The Tile-Atom Abstraction

The Core Idea

Every irregular workload can be described as a set of tiles and atoms:

Tile: A logical grouping of work (a row in CSR, a column in CSC, a block-row in BCSR).
Atom: The smallest unit of processing (a single nonzero element in a sparse matrix).

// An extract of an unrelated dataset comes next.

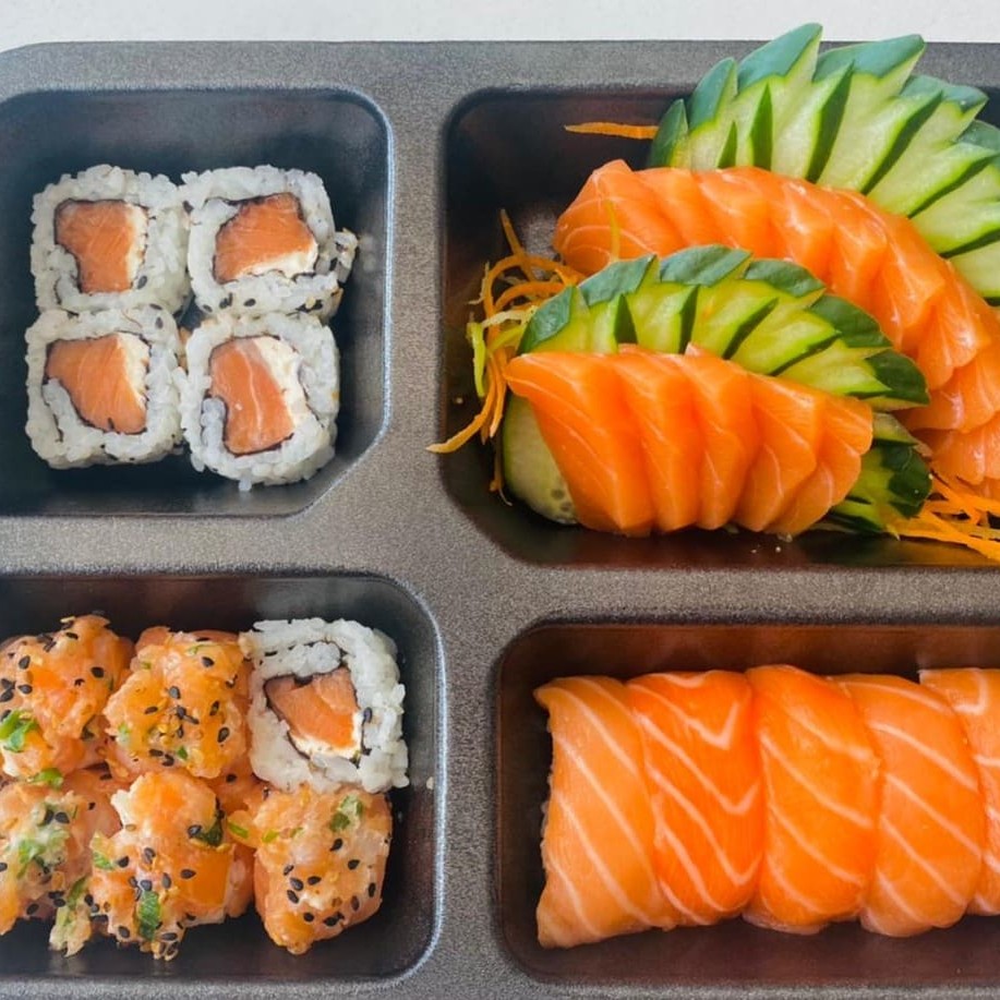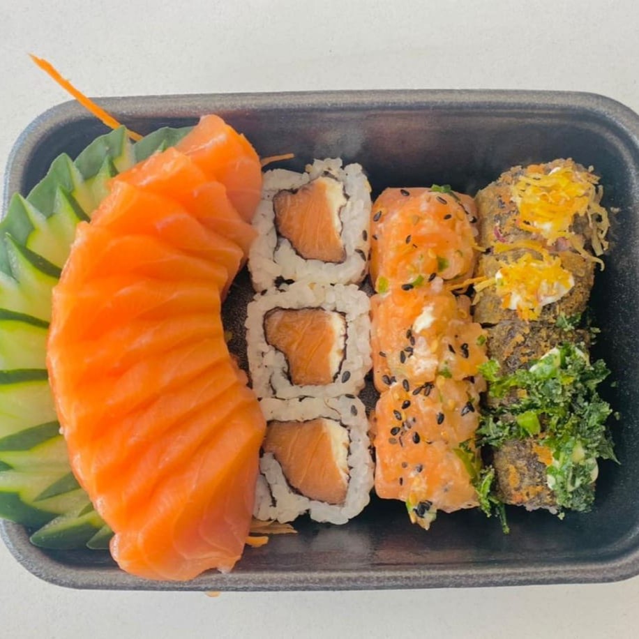 12 Sashimis 8 Sushis 4 Uramaki Salmão 4 Salmonmakis 6 jhous. Acompanha 1 sachê tarê/ 1 sachê shoyo e 1 hashi. Caso queira á parte temos a opção de pedir.

A schedule creates a mapping M from GPU processor IDs to balanced groups of tiles and atoms. The user writes their computation against this mapping using range-based loops.

Three Domains

The abstraction separates every irregular computation into three independent concerns:

1. Data

Choose your sparse format. Each format has a corresponding layout view that describes how tiles and atoms are organized:

Format	Container	Layout	Tile	Atom
CSR	`csr_t`	`layout::csr`	row	nonzero
CSC	`csc_t`	`layout::csc`	column	nonzero
COO	`coo_t`	`layout::coo`	nonzero	nonzero
ELL	`ell_t`	`layout::ell`	row	bucketed nz
BCSR	`bcsr_t`	`layout::bcsr`	block-row	R x C block
DIA	`dia_t`	`layout::dia`	row	diagonal cell

2. Schedule

Choose a load-balancing strategy. All four strategies consume workloads through the same layout contract:

thread_mapped — one tile per thread, simplest possible mapping
group_mapped — one tile per warp/group for high-degree tiles
work_oriented — distribute atoms evenly across threads
merge_path — optimal O(n+m) merge-based partitioning

3. Computation

Write your kernel logic once. It works unchanged across all schedules and all formats:

for (auto row : config.tiles()) {
  type_t sum = 0;
  for (auto nz : config.atoms(row)) {
    sum += values[nz] * x[indices[nz]];
  }
  y[row] = sum;
}

The Layout Contract

Any struct that exposes these methods can drive any schedule:

struct my_layout {
  tile_id_t num_tiles() const;
  atom_id_t num_atoms() const;
  atom_id_t tile_begin(tile_id_t t) const;
  atom_id_t tile_end(tile_id_t t) const;
  atom_id_t tile_size(tile_id_t t) const;
  tile_end_iterator_t tile_end_iter() const;
};

Formal Notation

Given a sparse-irregular problem S made of tiles T, where tile T_i is a collection of atoms: the scheduler creates a map M = { P_id, T_i ... T_j } from processor IDs to groups of tiles. The scheduler function L(S) = { M_0, ..., M_m } produces the complete balanced mapping.